──────── DATA PROVIDED

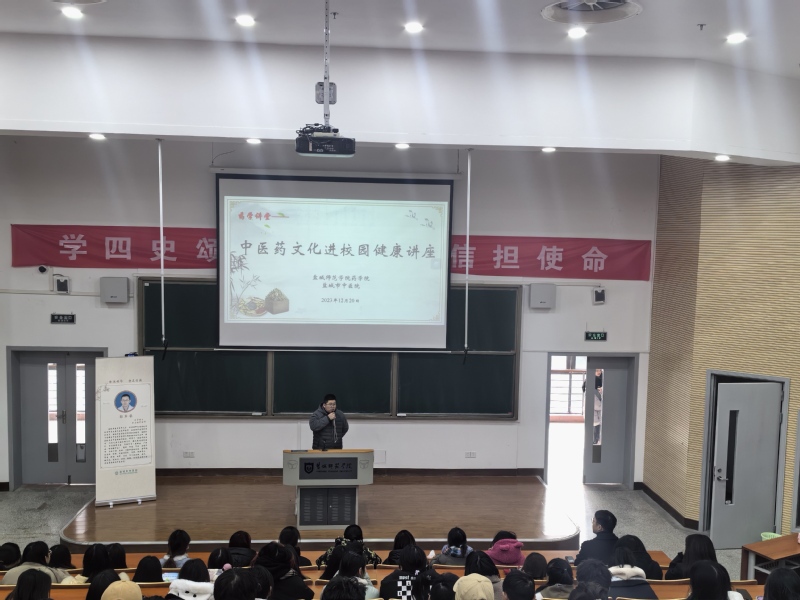 药学院、后勤保障集团联合开展第四届“药食同源杯”药膳文化节药膳制作大赛,并共同举办江苏省第十三届“中医药就在你身边”中医药文化进校园活动。12月20日,盐城市中医院主任中医师常小丽,副主任中医师洪雪兰在新长校区卫生所开展义诊活动。两位医师通过望、闻、问、切等中医诊疗方法把脉问诊,并提出对症可行的治疗建议和调养方法。盐城市中医院副主任中医师郭军华开展中医药文化进校园健康讲座。郭军华以“中医四季养生”为主题,从四季特点出发普及了四季养生常识,并着重讲解了9种不同体质类型的辨识方法、疾病倾向和调养方式。
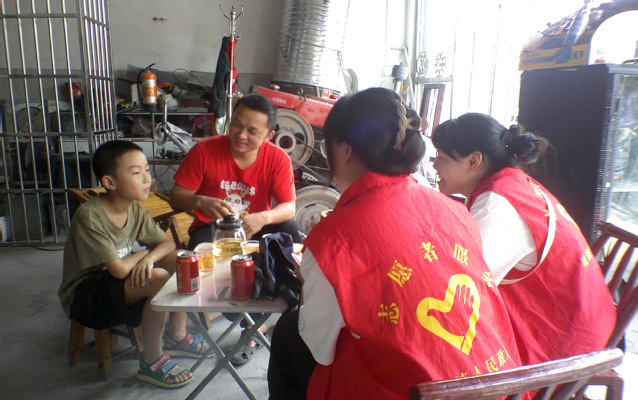 告别前一个学生的家长,志愿者们跟着导航前往下一个学生的家里。“是你家长让你来接老师的嘛?”“不是,是我自己看老师还没到,想来接老师你们,就在这个路口等着了。”还没有走到家门口,小航就在路口等着志愿者们的到来。在小航的引导下,志愿者们走进了他的家中,刚进门小航的爸爸便热情地张罗着,将家中的茶叶泡好,亲手端给志愿者们,在志愿者们的劝说下才肯坐下来好好聊天。经过几分钟的交流,大家的陌生感得以消除,闲谈式的聊天拉近了志愿者们与学生家长之间的距离。据悉,小航父母的知识水平有限,所从事的工作技术含量较少,薪资收入也只能够勉强维持家庭的开支,加之由于父母工作较为辛苦繁忙,对于孩子的教育有些力不从心。
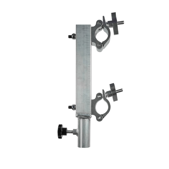 This truss adapter from Titan AV allows flat truss to be mounted upright to a 35mm pole commonly found on speaker stands and smaller winch ups. Made out aluminium, with two 50mm truss lighting clamps supplied and fitted, the Titan AV Flat Truss 35mm T-Bar Adapter Mount is designed to work with Titan AV 290mm Flat / ladder truss, also suitable for Global F32 truss.
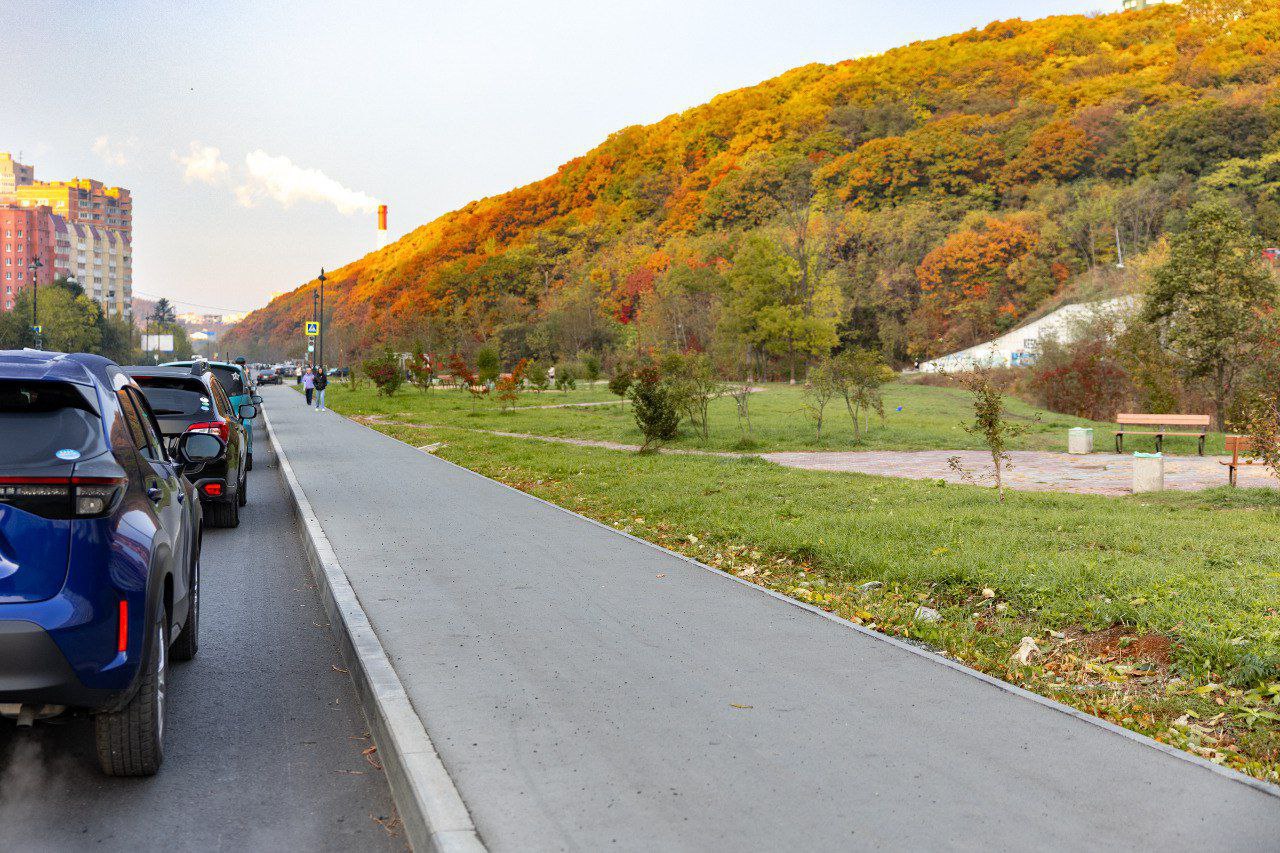 Этим летом силами муниципальной службы «Содержание городских территорий» на данном участке были также отремонтированы пешеходные дорожки на участке от поворота к ЖК «Изумрудный» до перекрёстка Русская – Бородинская – Адмирала Горшкова.
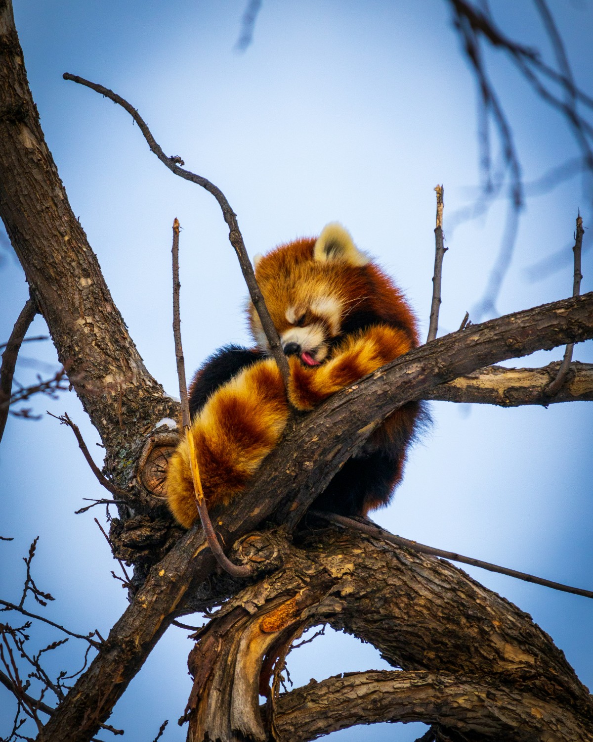 拿起小熊猫,许多东谈主会联念念到大熊猫,实则二者无嫡亲关系。小熊猫有红褐色绒毛,像件毛茸茸的外衣,蓬松大尾巴有九条浅深环纹,跑起来灵动可人。圆脸惹东谈主爱:尖耳朵竖着,眼眶周围淡色花纹像“好意思瞳”,黑鼻子配粉色吻部,带着酷爱感。它们栖息在海拔2000-4000米峻岭竹林,白日蜷树洞打盹,薄暮觅食,是喜马拉雅山脉东麓的诊治“活宝”。
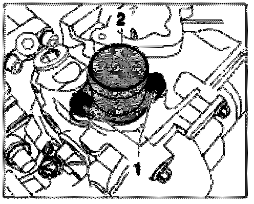 15. Remove oil filler neck -2- by unscrewing the two Torx screws (M6 x 11) -1 -. During installation, replace screws with new ones. Replace O-ring and plugs during installation.
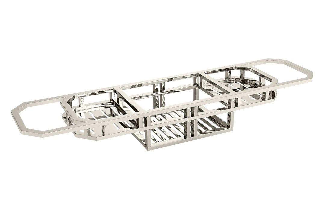 British brand Drummonds collaborated with interior designer Steven Gambrel to develop a series of jewelry-like bathroom accessories. The eight-piece Colvin collection includes this luxurious bath rack, handcrafted in solid brass at the Drummonds Brassware Foundry.
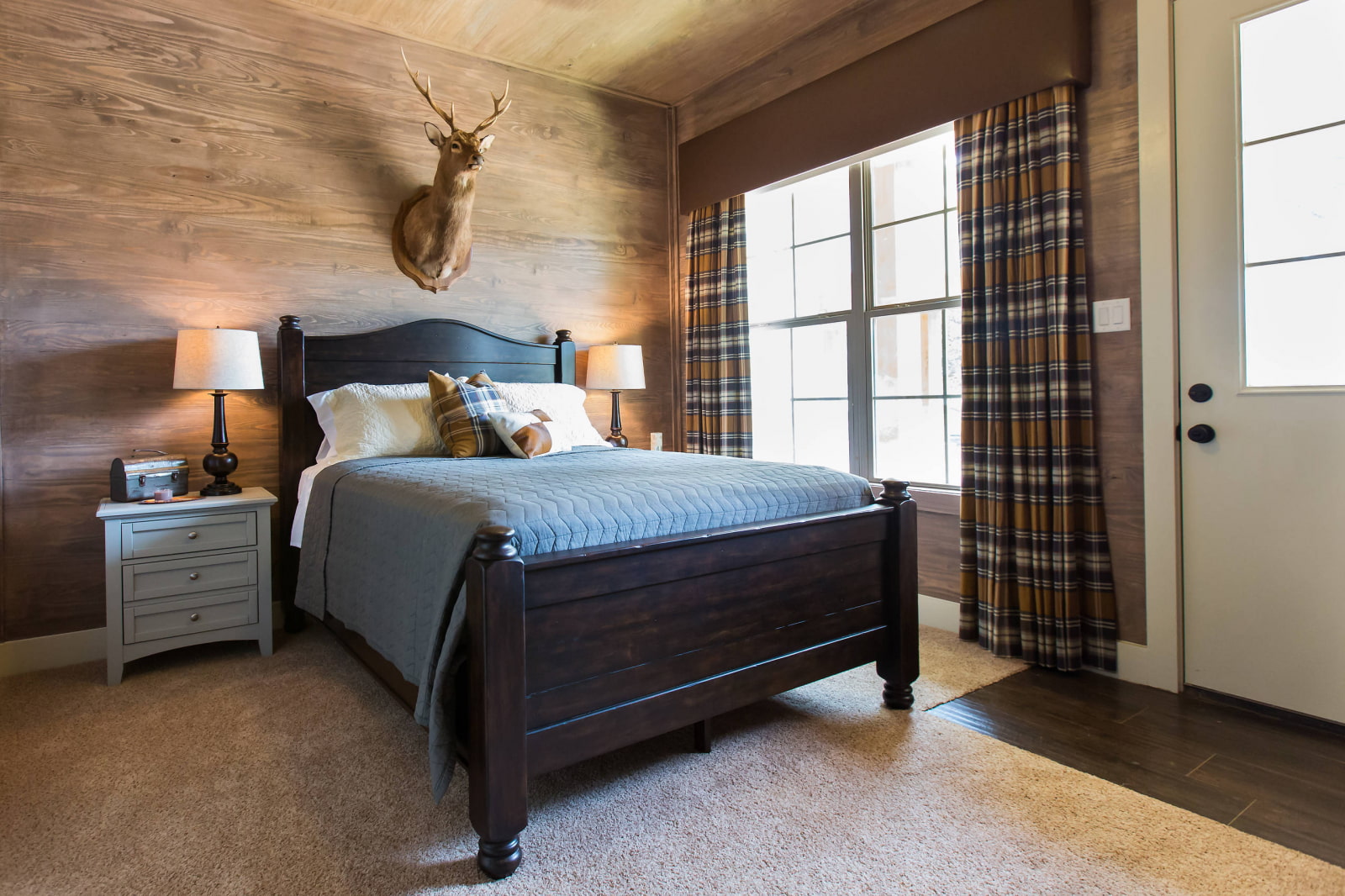 In the photo, a bedroom decorated in rustic style and a brown bandeau with checkered curtains perfectly complements the interior.

────────────────

- **WORK ORDER**
Please return, exactly and with pictures omitted, the lines from the line holding "Этим летом силами" through the end of the data above, inclusive.

- **ANSWER SPACE**
 Этим летом силами муниципальной службы «Содержание городских территорий» на данном участке были также отремонтированы пешеходные дорожки на участке от поворота к ЖК «Изумрудный» до перекрёстка Русская – Бородинская – Адмирала Горшкова.
 拿起小熊猫,许多东谈主会联念念到大熊猫,实则二者无嫡亲关系。小熊猫有红褐色绒毛,像件毛茸茸的外衣,蓬松大尾巴有九条浅深环纹,跑起来灵动可人。圆脸惹东谈主爱:尖耳朵竖着,眼眶周围淡色花纹像“好意思瞳”,黑鼻子配粉色吻部,带着酷爱感。它们栖息在海拔2000-4000米峻岭竹林,白日蜷树洞打盹,薄暮觅食,是喜马拉雅山脉东麓的诊治“活宝”。
 15. Remove oil filler neck -2- by unscrewing the two Torx screws (M6 x 11) -1 -. During installation, replace screws with new ones. Replace O-ring and plugs during installation.
 British brand Drummonds collaborated with interior designer Steven Gambrel to develop a series of jewelry-like bathroom accessories. The eight-piece Colvin collection includes this luxurious bath rack, handcrafted in solid brass at the Drummonds Brassware Foundry.
 In the photo, a bedroom decorated in rustic style and a brown bandeau with checkered curtains perfectly complements the interior.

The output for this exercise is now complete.